Identifying hash algorithms
The Endeavour 2024-09-30
Given a hash value, an you determine what algorithm produced it? Or what algorithm probably produced it?
Obviously if a hash value is 128 bits long, then a 128-bit algorithm produced it. Such a hash value might have been produced by MD5, but not by SHA-1, because the former produces 128-bit hashes and the latter a 160-bit hash.
The more interesting question is this: given an n-bit hash, can you tell which n-bit hash algorithm it probably came from? You will find contradictory answers online. Some people confidently say no, that a hash value is for practical purposes a random selection from its range. Others say yes, and have point to software that reports which algorithm the hash probably came from. Which is it?
Some hashing software has a custom output format, such as sticking a colon at a fixed position inside the hash value. Software such as hashid
uses regular expressions to spot these custom formats.
But assuming you have a hash value that is simply a number, you cannot know which hash algorithm produced it, other than narrowing it to a list of known algorithms that produce a number of that length. If you could know, this would indicate a flaw in the hashing algorithm.
So, for example, a 160-bit hash value could come from SHA-1, or it could come from RIPEMD-160, Haval-160, Tiger-160, or any other hash function that produces 160-bit output.
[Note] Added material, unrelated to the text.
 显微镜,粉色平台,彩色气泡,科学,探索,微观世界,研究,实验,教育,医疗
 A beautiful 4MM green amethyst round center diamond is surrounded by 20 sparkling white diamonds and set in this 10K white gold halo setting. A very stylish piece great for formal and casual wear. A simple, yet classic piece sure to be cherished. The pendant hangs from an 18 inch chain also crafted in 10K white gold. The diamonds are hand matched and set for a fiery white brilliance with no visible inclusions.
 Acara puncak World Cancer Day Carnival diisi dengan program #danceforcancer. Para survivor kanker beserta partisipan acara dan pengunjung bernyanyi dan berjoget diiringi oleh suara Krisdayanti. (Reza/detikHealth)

To say which algorithm probably produced the hash, you need context, some sort of modeling assumption. In general SHA-1 is the most popular 160-bit hash algorithm, so if you have nothing else to go on, your best guess for the origin of a 160-bit hash value would be SHA-1. But RIPEMD is part of the Bitcoin standard, and so if you find a 160-bit hash value in the context of Bitcoin, it’s more likely to be RIPEMD. There must be contexts in which Haval-160 and Tiger-160 are more likely, though I don’t know what those contexts would be.
Barring telltale formatting, software that tells you which hash functions most likely produced a hash value is simply reporting the most popular hash functions for the given length.
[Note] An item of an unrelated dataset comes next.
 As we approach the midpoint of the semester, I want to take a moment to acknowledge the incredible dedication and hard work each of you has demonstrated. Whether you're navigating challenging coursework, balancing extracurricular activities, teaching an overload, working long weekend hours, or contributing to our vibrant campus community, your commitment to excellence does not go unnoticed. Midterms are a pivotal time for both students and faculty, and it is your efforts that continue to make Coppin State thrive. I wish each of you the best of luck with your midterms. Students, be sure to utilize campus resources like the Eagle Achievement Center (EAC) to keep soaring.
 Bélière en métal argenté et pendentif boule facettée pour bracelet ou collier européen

For example, I produced a 160-bit hash of “hello world” using RIMEMD-160
echo -n "hello world" | openssl dgst -rmd160
then asked hashid
where it came from.
hashid '98c615784ccb5fe5936fbc0cbe9dfdb408d92f0f' Analyzing '98c615784ccb5fe5936fbc0cbe9dfdb408d92f0f' [+] SHA-1 [+] Double SHA-1 [+] RIPEMD-160 [+] Haval-160 [+] Tiger-160 [+] HAS-160 [+] LinkedIn [+] Skein-256(160) [+] Skein-512(160)
I got exactly the same output when I hashed “Gran Torino” and “Henry V” because the output doesn’t depend on the hashes per se, only their length.
Whether software can tell you where a hash probably came from depends on your notion of “probably.” If you find a 160-bit hash in the wild, it’s more likely to have come from SHA-1 than RIPEMD. But if you were to write a program to generate random text, hash it with either SHA-1 or RIPEMD, it would likely fail badly.